My teacher loves to tell me that I should have a facil expression while I play. "Good to have a facial expression, it just shows you enjoy music and you really feel it." his words, also likes to tell me that Lang Lang has amazing face expression....I know I have problems with musicality, but if I play pieces which I like I think I play them well.And also I tried a few times to make some faces but I only lose my concentration. I can't focus at all. I never sit stiffly I can feel it through my body - so I guess I don't need to do it....Do you think also if someone doesn't grimace, it doesn't feel?Do you grimace while you play (happy, sad, angry face or whatever)?
Someone obviously told this bloke the same. https://www.pianostreet.com/smf/index.php/topic,29063.msg335094.html#msg335094
hmm, I 've watched the video, realised that maybe if I do it, it will finally make my teacher happy or he will be so scared that he won't complain about me anymore
Do you think also if someone doesn't grimace, it doesn't feel?Do you grimace while you play (happy, sad, angry face or whatever)?
If you have to actually go out of your way to make it clear to people that you're enjoying your music and "really feeling it", then you must be such a terrible musician that nobody can figure it out on their own. If you look around, you will find there are as many great pianists who sat practically immobile (Horowitz, Rachmaninov, etc) as there are who swayed around, made faces, etc. (Richter, Gould for example). In the end, the only surefire way to measure how much you're involved with your music is too .. listen to the quality of the music you're making! If it's good enough, then anything else is superfluous.
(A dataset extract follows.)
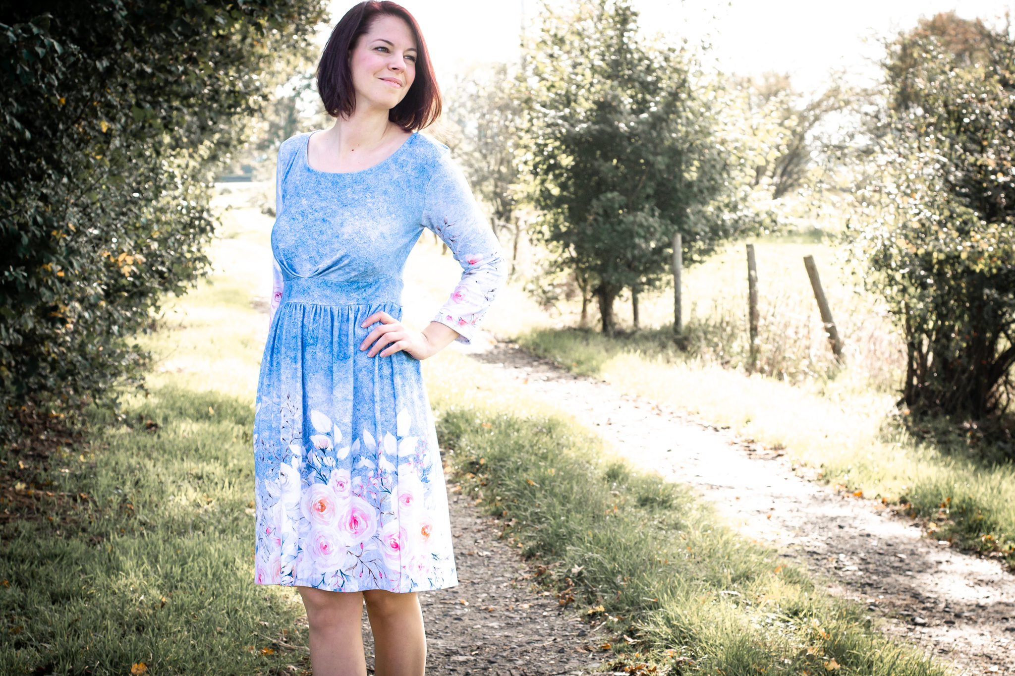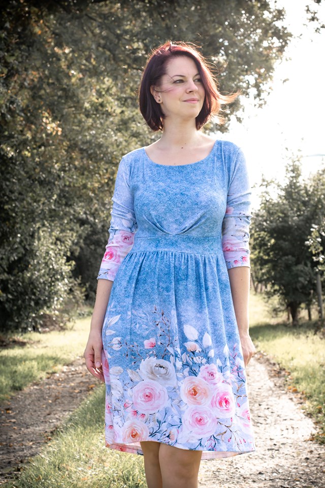 Die Bordüre verläuft rechts und links und ist ca. 30 cm breit. Der Fadenlauf ist somit quer zum Muster, was jedoch kein Problem darstellt, da der Stoff in beide Richtungen gleich elastisch ist und auch in beide Richtungen gleich schön fällt.

Three examples I have learnt from:1: Glenn Gould. He looks sometimes crazy but it's authentic. If an inexperienced person would turn off the sound and just watch him....2. Alfred Brendel. Also authentic. I have seen him many times in concert and his gestures and faces are weird, really weird. But it's no theater and no show off, so I don't mind, I actually enjoy it even, as an authentic expression. It's just Brendel, he is like that.3. I watched a very young violinist performing a solo with orchestra. She is very talented and a good musician. But before one of her performances she practised for hours in front of a mirror, trying to get the right smile on her face for the performance. At the performance her smile was so artificial and so ridiculous that everybody was just plainly horrified I think she has learned from it...
You could always dress up, then it won´t be a big deal. https://se.youtube.com/watch?v=YH6RCDBU4ss
I am thinking of several people who look a little angry (it's concentration) when they're playing something more technical.